* **INFORMATION PROVIDED**:
===============

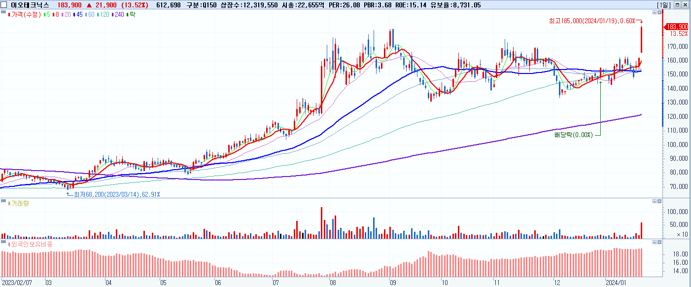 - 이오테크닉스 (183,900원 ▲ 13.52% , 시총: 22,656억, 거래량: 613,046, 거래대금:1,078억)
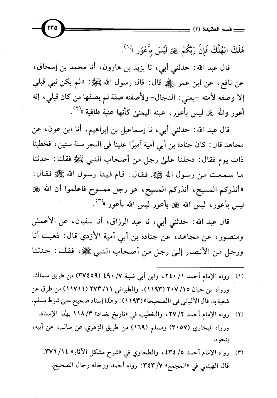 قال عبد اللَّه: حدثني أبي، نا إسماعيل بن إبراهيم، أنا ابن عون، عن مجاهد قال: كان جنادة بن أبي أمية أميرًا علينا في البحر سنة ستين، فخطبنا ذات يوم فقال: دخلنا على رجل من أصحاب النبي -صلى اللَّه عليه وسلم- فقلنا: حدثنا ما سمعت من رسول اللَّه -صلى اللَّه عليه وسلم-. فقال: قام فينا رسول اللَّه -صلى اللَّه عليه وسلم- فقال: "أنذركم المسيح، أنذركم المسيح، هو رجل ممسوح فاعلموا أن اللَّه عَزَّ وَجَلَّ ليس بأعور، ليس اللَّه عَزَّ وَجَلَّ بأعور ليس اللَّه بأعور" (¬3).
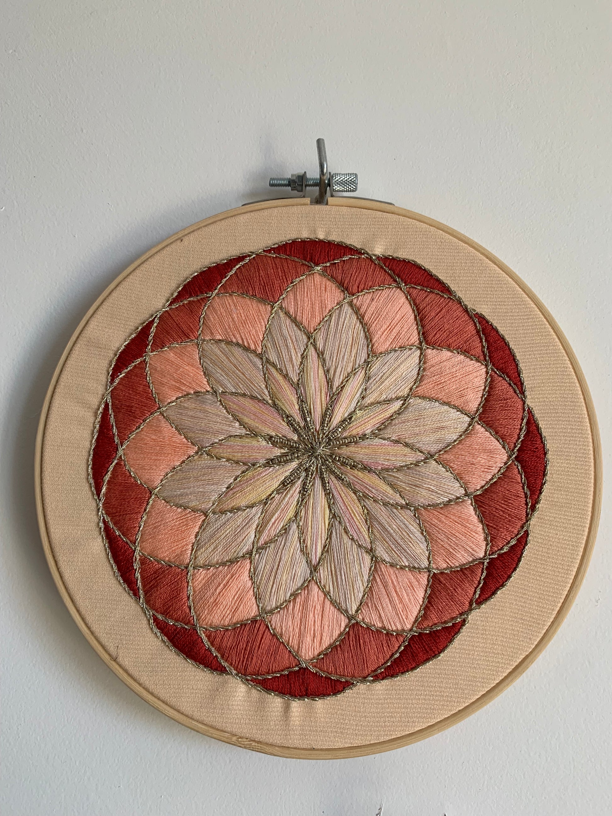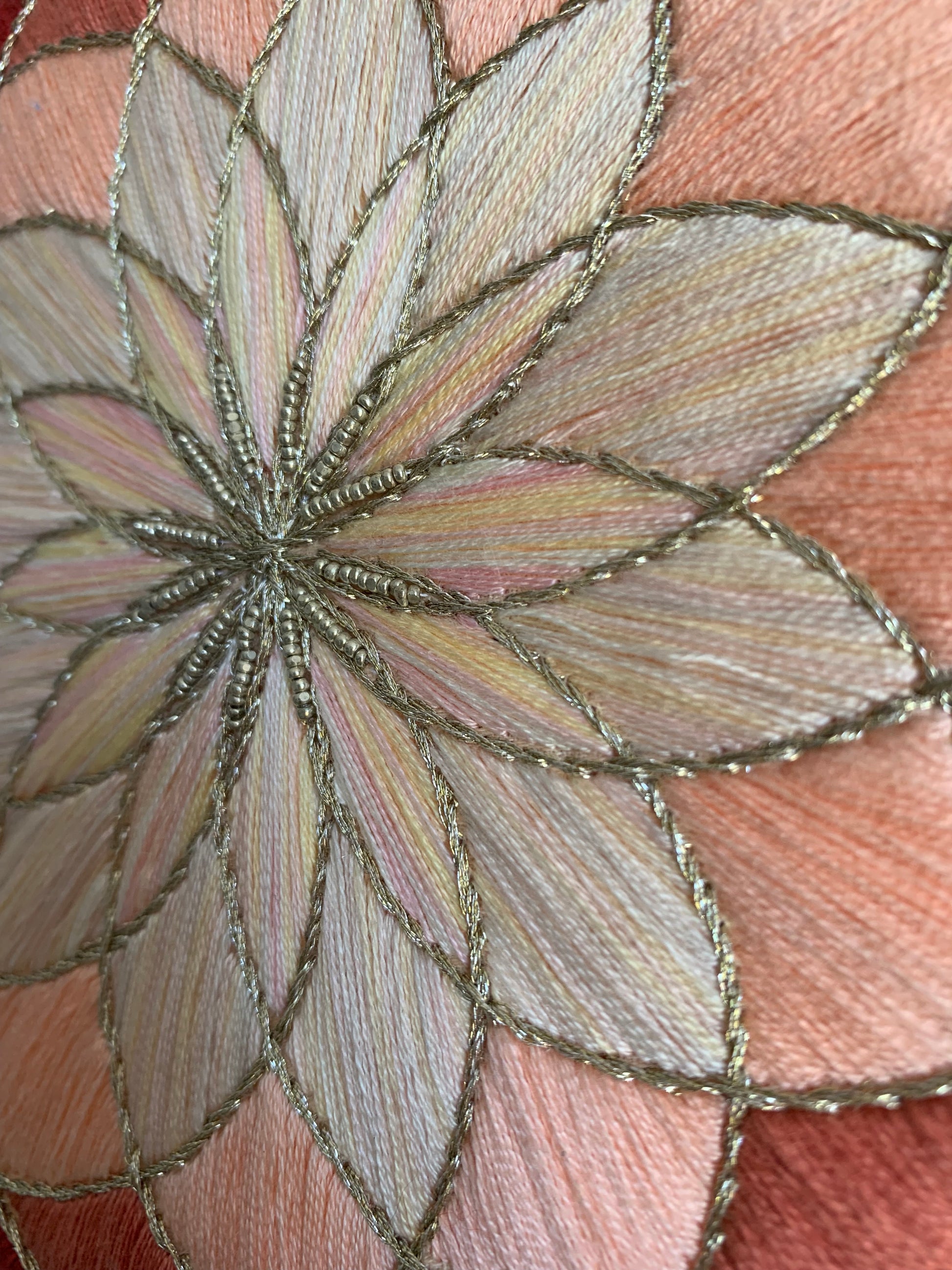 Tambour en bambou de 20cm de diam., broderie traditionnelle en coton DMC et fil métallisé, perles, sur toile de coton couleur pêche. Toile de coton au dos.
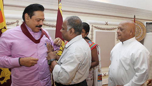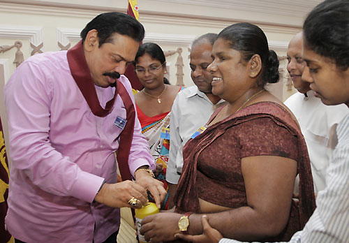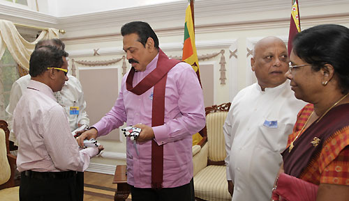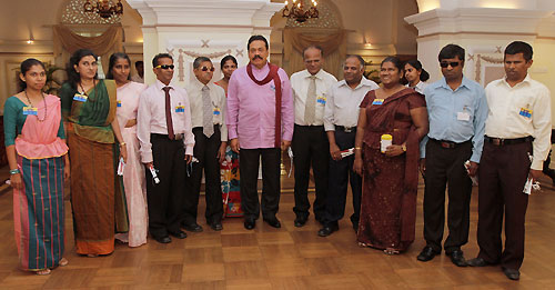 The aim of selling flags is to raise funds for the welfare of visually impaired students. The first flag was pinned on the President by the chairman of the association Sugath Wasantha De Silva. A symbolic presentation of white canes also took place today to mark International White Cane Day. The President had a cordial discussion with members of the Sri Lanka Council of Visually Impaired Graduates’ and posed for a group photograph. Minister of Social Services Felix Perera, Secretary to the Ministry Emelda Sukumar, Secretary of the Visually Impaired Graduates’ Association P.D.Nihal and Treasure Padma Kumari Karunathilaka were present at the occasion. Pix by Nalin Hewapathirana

===============

* **INSTRUCTIONS TO FOLLOW**: Give the listing again word for word, without its images.

* **OUTPUT FOR THIS TASK**:
 - 이오테크닉스 (183,900원 ▲ 13.52% , 시총: 22,656억, 거래량: 613,046, 거래대금:1,078억)
 قال عبد اللَّه: حدثني أبي، نا إسماعيل بن إبراهيم، أنا ابن عون، عن مجاهد قال: كان جنادة بن أبي أمية أميرًا علينا في البحر سنة ستين، فخطبنا ذات يوم فقال: دخلنا على رجل من أصحاب النبي -صلى اللَّه عليه وسلم- فقلنا: حدثنا ما سمعت من رسول اللَّه -صلى اللَّه عليه وسلم-. فقال: قام فينا رسول اللَّه -صلى اللَّه عليه وسلم- فقال: "أنذركم المسيح، أنذركم المسيح، هو رجل ممسوح فاعلموا أن اللَّه عَزَّ وَجَلَّ ليس بأعور، ليس اللَّه عَزَّ وَجَلَّ بأعور ليس اللَّه بأعور" (¬3).
 Tambour en bambou de 20cm de diam., broderie traditionnelle en coton DMC et fil métallisé, perles, sur toile de coton couleur pêche. Toile de coton au dos.
 The aim of selling flags is to raise funds for the welfare of visually impaired students. The first flag was pinned on the President by the chairman of the association Sugath Wasantha De Silva. A symbolic presentation of white canes also took place today to mark International White Cane Day. The President had a cordial discussion with members of the Sri Lanka Council of Visually Impaired Graduates’ and posed for a group photograph. Minister of Social Services Felix Perera, Secretary to the Ministry Emelda Sukumar, Secretary of the Visually Impaired Graduates’ Association P.D.Nihal and Treasure Padma Kumari Karunathilaka were present at the occasion. Pix by Nalin Hewapathirana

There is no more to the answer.